The sting is watching fear in my father’s eyes when a doctor lies to me and assures me his dementia has advanced to the point that he doesn’t know what is happening to him. The sting will be when the fingers that long ago ceased to play Hank Williams and Johnny Cash on a Martin D18 will go slack in my hand. The sting will be when my mother goes limp and cries out in anguish over the end that we all see coming but can never be prepared for. The sting is the sound of heavy dirt on a hollow box and knowing that the man who used to read me Dr.
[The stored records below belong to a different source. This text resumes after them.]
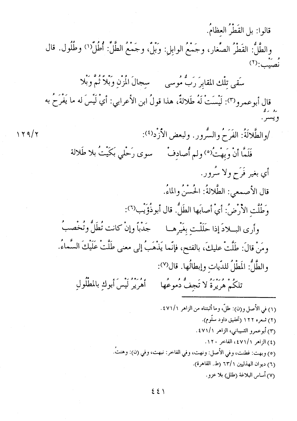 2/ 129 والطلالةُ: الفَرَحُ والسرور. ولبعض الأزد: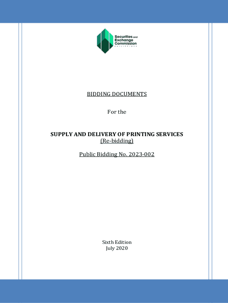 BIDDING DOCUMENTS For resupply AND DELIVERY OF PRINTING SERVICES (Rebidding) Public Bidding No. 2023002Sixth Edition July 20201Preface These Philippine Bidding Documents (Pads) for the procurement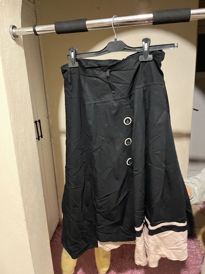 Düğmeli, salaş kesim siyah uzun etek, sentetik kumaştan. Alt kısmında hafif iki renkli detay bulunur. Goth tarzını yansıtır.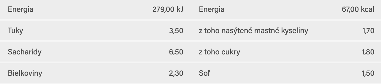 Zloženie: šampiňóny (41% hm.), voda, cibuľa, údená slanina (slanina, soľ, stabilizátor: dusitan sodný), pšeničná múka, smotana, repkový olej, paradajkový pretlak, pšeničný modifikovaný škrob, koreniny, sušené mlieko, koreniaci prípravok (soľ, úplne stužený palmový tuk, sojový hzdrolyzát, pšeničný škrob, mäsový extrakt, cukor, suš. hovädzie mäso (obsahuje laktózu), zelenina, zeler, extrakt korenín), petržlenová vňať.
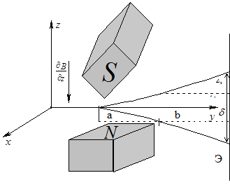 атомов пропускались через область в которой создавалось неоднородное магнитное поле. В нём двигались атомы. На экране Э наблюдалось расщепление пучка на две части. Первые опыты проводились с атомами серебра. Для одного внешнего электрона имеем: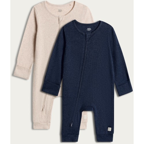 2-Pack Cotton Rich Ribbed Long Sleeved Zip Up Sleepsuits in Blue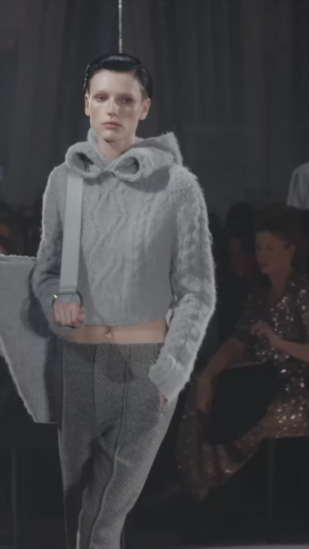 A statement piece from the Autumn/Winter runway, the Cropped Cable Jumper in Grey Melange has a sculptural rolled collar with a knitted hood, combining contemporary and casual design codes beautifully. Crafted from a lambswool-alpaca blend with a cable-stitch design, it has a cropped boxy fit and a ribbed hemline and cuffs. The house’s signature embroidered Victoria Beckham monogram completes the look.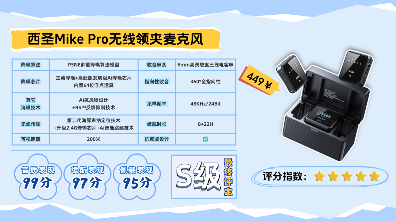 售价保持不到200元,甚至大促期间优惠一减再减,当前定价不到169元的西圣Mike2拥有媲美千元级别麦克风的音质和降噪体验,附赠转接头广泛兼容设备,这是彻底颠覆了百元麦克风的市场格局,这样极具性价比的专业无线麦克风,完全没有不推荐的理由!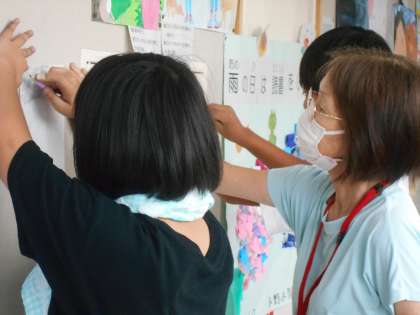 6年生の図工では、おのハンモックのボランティアの方にいつもお世話になっています。6年生がフロッタージュしているところで児童をサポートしてくださっていました。「いいアイデアだね」と誉めてくださっていて、児童の表現意欲が高まります。また、フロッタージュしているときに、手で紙を支えてもらったことで、濃くはっきりと強さの伝わるような模様にできて喜んでいる児童がいました。いつもありがとうございます。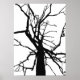 Este poster de arte fino apresenta um padrão de abstrato artístico, preto e branco do topo de uma tulipa no inverno com galhos nus na silhueta.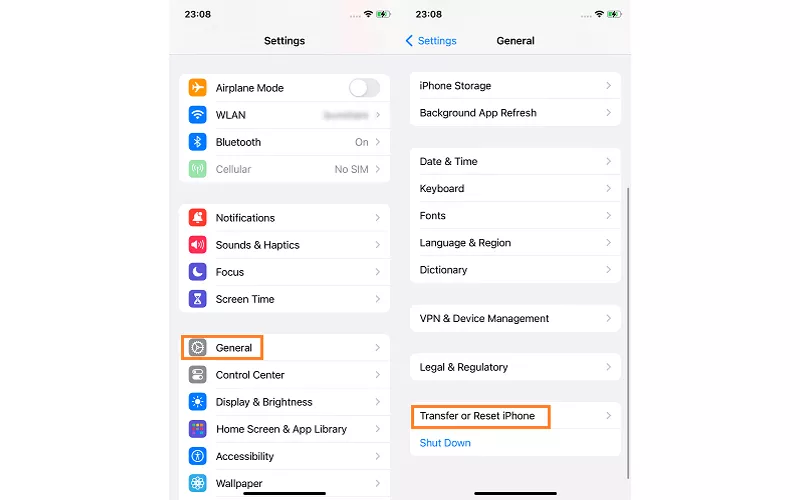 步骤一:轻敲设置>一般的>转移或重置 iPhone。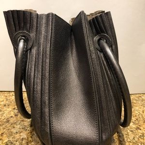 Hit the town in style with this beautiful Giorgio Armani purse. Made in Italy. Pleated leather, suede interior, rounded handles, GA charm and removable leather wallet. This purse was a gift and has been barely used. Minor wear on the bottom of the purse.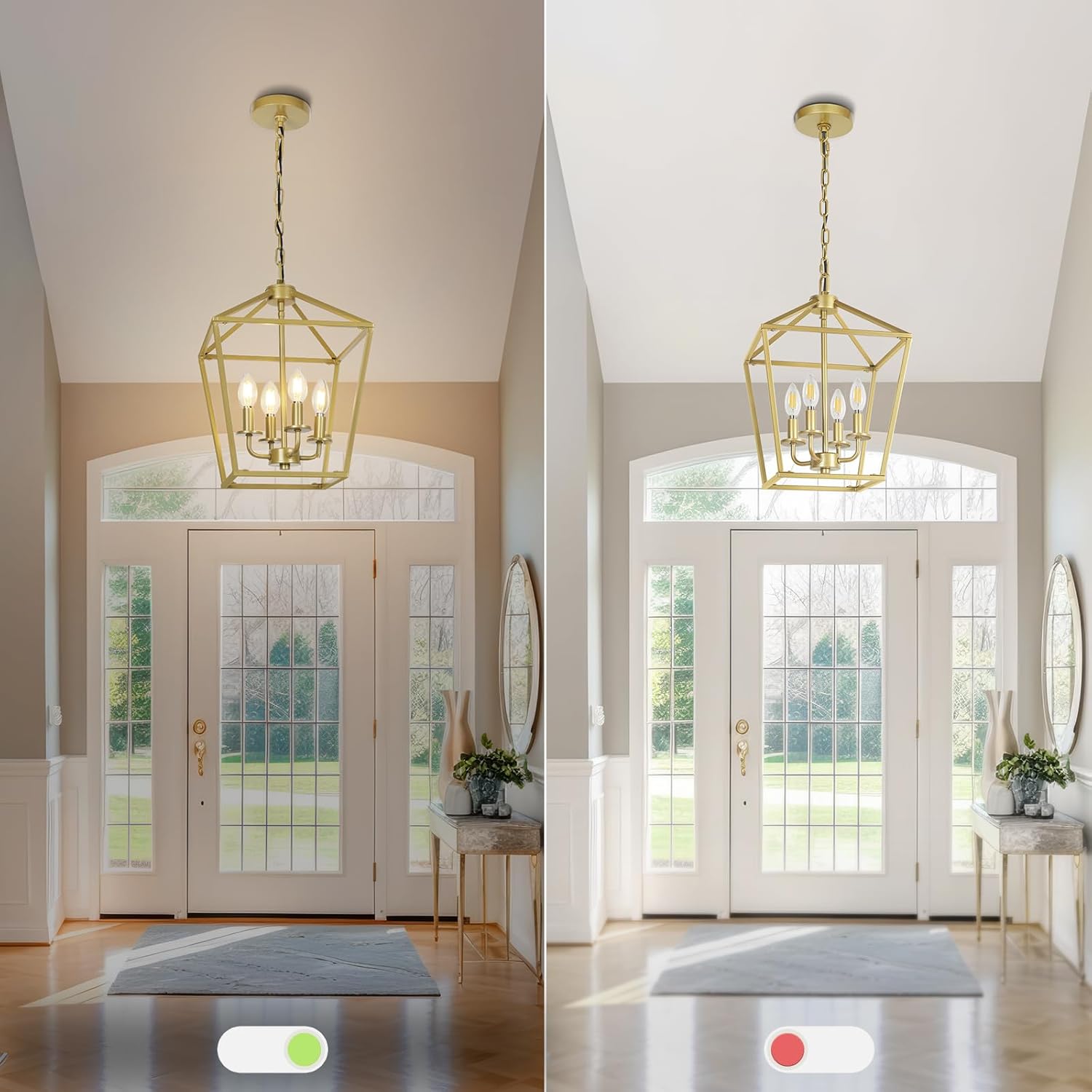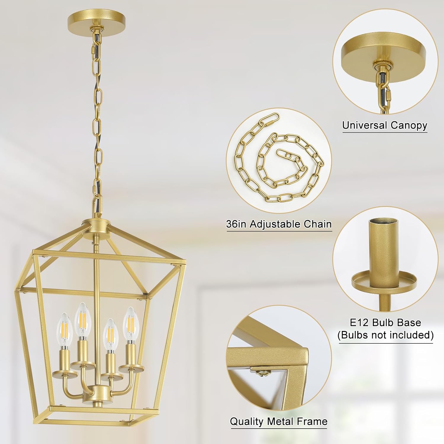 - Gold and Stylish Appearance: Featured with gold center candlestick and geometric outward appearance, the geometric lantern chandelier is a wonderful addition to add industrial touch to your home dรฉcor. Artistic and eye-catching, it can perfectly blend in any place such as bedroom, living room, bathroom, dining room, hallway or kitchen island (indoor use only)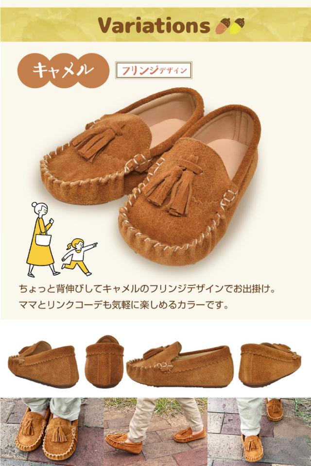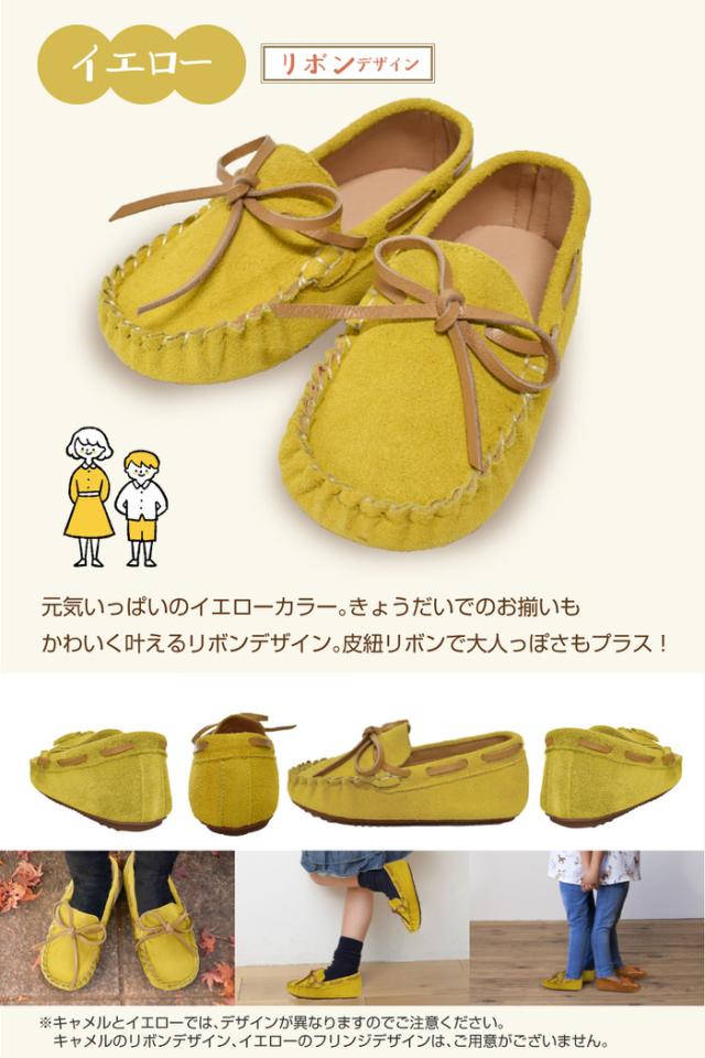 キッズ ローファー モカシン | 女の子 男の子 茶 キャメル モカシン オシャレ ぺたんこ 黄色 シューズ 靴 スウェード 子供 おしゃれ イエロー ブラウン

Seuss and rent me Disney movies on Friday when my mom worked late at the bank and he had to pick me up from school, that the carpenter who once sold half his tools to buy me a bicycle when I didn’t understand why we were too poor for me to have one…is…gone. Gone where? Gone. Gone from everywhere. Gone to…where?
Peter is said to have asked Jesus, “Lord, to whom shall we go?”
I am convinced that if anyone has more than a modicum of comfort or certainty because of religion, then that person simply does not grasp the severity of the human condition. But somehow Peter’s words offer me something. Otherwise there are no promises, no admonishments, no signs, wonders, or visions that don’t evoke Luther’s question from me, “But is it true?” There seems to be an allowance, though. A concession? There is an old story about someone who accepts and can work with the fear and dread of a frightened person–a person who questions everything and arrives finally where he does for no other reason than lack of other escape.
My father is dying. There is no hope for him. There is no peace to be found in what very well could be fairy tales. But I have been told that Jesus does not turn away even those who come to him only hoping the stories might somehow, some way, possibly be true…and I don’t know of any place else to go to escape the finality I see with my own eyes.
Maybe that is enough.
For my sake and the world’s sake and mostly my dying father’s sake, I hope that is enough.